ゆっこちゃんもますます燃え上がって良い演奏でした!!ナイスな師弟バトルコンサートでした。


2014/11/05

Supply and Demand

下手の横好きなのだが、
ピアニストがもっともやってはいけないスポーツでバXXxトボールというスポーツがある。
大変危険なのでここではバXXxトボールと名前を伏せておくが、
このスポーツ、ピアニストどころか成人男性にはかなり無謀なスポーツと言える。
他の球技には無い過酷なフットワーク、地に足が着いていない状態、空中でのリズムや判断力、プレイヤー同士の接触や衝突も激しい。

とかなんとか、理由抜きでなんだか少年心がよみがえって夢中になっちゃうのよね。。。

で、下手の横好きの分際で、ちゃんとしたシューズが欲しくなってしまったので、
スポーツ用品店に足を運んでみたのだ。

しかしながら、驚いたことに、かなりの確率で町のスポーツ用品店にはバXXxトシューズが置いてないのである。

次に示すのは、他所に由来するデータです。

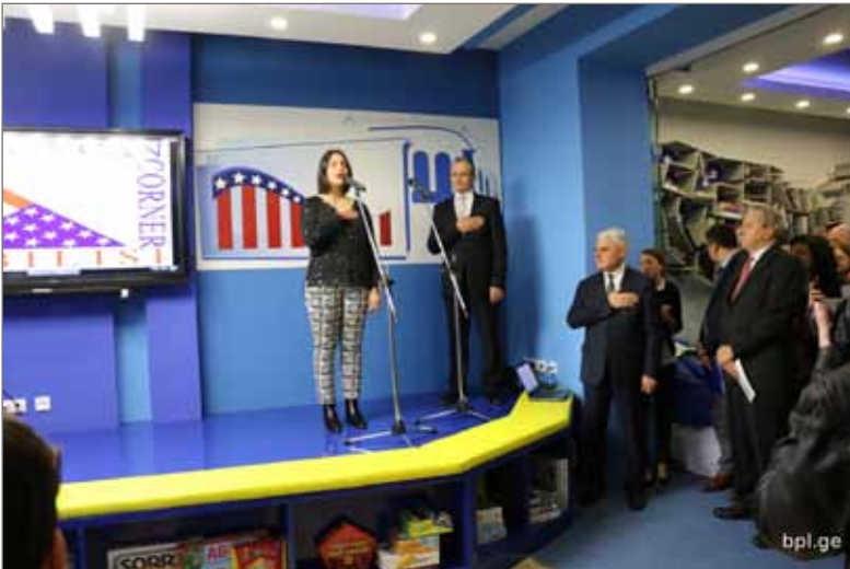
აშშ ელჩი საქართველოში იან კელი 2016 წელი

店のオヤジ : 「バXXxトシューズ!?最近は、新学期の時期しか置かないよぉ。バXXxト専門店に行ってもらうしかないねぇ。」

信じられるだろうか?同世代の皆さん?

誰もがあこがれたバXXxトシューズ!!
オシャレな少年の必須アイテムバXXxトシューズ!!
人気が出すぎて犯罪にまで発展してしまったバXXxトシューズ!!

せつなかった。

だが冷静に考えると興奮が冷めればただのスポーツ用品の一つだ。
生活用品ではない。
スポーツをたしなむ人、専門とする人しか必要の無い存在。

凡人なりに社会を見つめてしまった。
ブーム、需要、供給、パラダイム、仕掛け人、イノベーション、、、、


・もしあのスティーブなんとかっていうおっさんがへんなことを仕掛けなければ、
タッチスクリーンは感度が悪くて使いにくい駅の券売機のインターフェースに過ぎなかった。


・だれが仕掛けたか知らんが、もしブームが訪れなければ、
私はこの文章を書くためだけにhtmlの文法を勉強する必要があったはずだ。

・だれが仕掛けたか知らんが、
ハイボールブームのあと、不自然なくらいワインの単価が安くなってないか!?
とか。。

諸行無常、世界は変わっていくもの、変えられてしまうもの、、、らしいのだ。


ちなみに、今日の教訓は間違っても、
世界は変わるもの!!だからみんな!!
前世紀の音楽であるJazzとかに興味を持つのはやめようぜ!!、
というメッセージを発信しているわけではない!!!!

 広義の意味での自爆型ピアニストは今日も元気です。